== RECORDS TO PROCESS
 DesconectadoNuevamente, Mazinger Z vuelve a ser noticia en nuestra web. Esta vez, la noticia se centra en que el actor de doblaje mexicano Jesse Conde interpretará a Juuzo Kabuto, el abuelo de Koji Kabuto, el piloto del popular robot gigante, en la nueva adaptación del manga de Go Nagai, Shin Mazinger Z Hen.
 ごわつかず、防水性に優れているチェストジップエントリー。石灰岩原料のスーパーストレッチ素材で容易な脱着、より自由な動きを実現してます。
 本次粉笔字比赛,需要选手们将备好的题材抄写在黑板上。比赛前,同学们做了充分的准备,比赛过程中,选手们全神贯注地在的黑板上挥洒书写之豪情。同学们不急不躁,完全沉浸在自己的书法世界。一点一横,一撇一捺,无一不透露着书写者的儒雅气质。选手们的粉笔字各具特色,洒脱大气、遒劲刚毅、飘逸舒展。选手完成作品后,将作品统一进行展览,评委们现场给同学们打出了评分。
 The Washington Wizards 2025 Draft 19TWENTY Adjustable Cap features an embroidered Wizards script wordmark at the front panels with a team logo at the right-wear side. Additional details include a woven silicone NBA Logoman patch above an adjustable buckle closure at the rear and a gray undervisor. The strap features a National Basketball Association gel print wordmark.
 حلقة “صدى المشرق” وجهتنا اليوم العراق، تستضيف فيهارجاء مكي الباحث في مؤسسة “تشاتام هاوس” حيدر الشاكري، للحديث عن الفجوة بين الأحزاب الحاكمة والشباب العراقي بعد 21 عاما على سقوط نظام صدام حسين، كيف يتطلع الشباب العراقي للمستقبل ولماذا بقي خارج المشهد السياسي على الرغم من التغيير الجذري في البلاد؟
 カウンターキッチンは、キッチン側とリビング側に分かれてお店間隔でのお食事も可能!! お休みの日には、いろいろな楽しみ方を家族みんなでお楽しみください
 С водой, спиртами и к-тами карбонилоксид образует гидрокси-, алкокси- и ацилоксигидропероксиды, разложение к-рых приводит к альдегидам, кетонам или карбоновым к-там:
====
> TASK TO CARRY OUT
Repeat exactly the lines above, starting with the first line of the records and finishing with the line holding "الجذري في البلاد؟". Add no other line.

> RESULT OF THE EXERCISE
 DesconectadoNuevamente, Mazinger Z vuelve a ser noticia en nuestra web. Esta vez, la noticia se centra en que el actor de doblaje mexicano Jesse Conde interpretará a Juuzo Kabuto, el abuelo de Koji Kabuto, el piloto del popular robot gigante, en la nueva adaptación del manga de Go Nagai, Shin Mazinger Z Hen.
 ごわつかず、防水性に優れているチェストジップエントリー。石灰岩原料のスーパーストレッチ素材で容易な脱着、より自由な動きを実現してます。
 本次粉笔字比赛,需要选手们将备好的题材抄写在黑板上。比赛前,同学们做了充分的准备,比赛过程中,选手们全神贯注地在的黑板上挥洒书写之豪情。同学们不急不躁,完全沉浸在自己的书法世界。一点一横,一撇一捺,无一不透露着书写者的儒雅气质。选手们的粉笔字各具特色,洒脱大气、遒劲刚毅、飘逸舒展。选手完成作品后,将作品统一进行展览,评委们现场给同学们打出了评分。
 The Washington Wizards 2025 Draft 19TWENTY Adjustable Cap features an embroidered Wizards script wordmark at the front panels with a team logo at the right-wear side. Additional details include a woven silicone NBA Logoman patch above an adjustable buckle closure at the rear and a gray undervisor. The strap features a National Basketball Association gel print wordmark.
 حلقة “صدى المشرق” وجهتنا اليوم العراق، تستضيف فيهارجاء مكي الباحث في مؤسسة “تشاتام هاوس” حيدر الشاكري، للحديث عن الفجوة بين الأحزاب الحاكمة والشباب العراقي بعد 21 عاما على سقوط نظام صدام حسين، كيف يتطلع الشباب العراقي للمستقبل ولماذا بقي خارج المشهد السياسي على الرغم من التغيير الجذري في البلاد؟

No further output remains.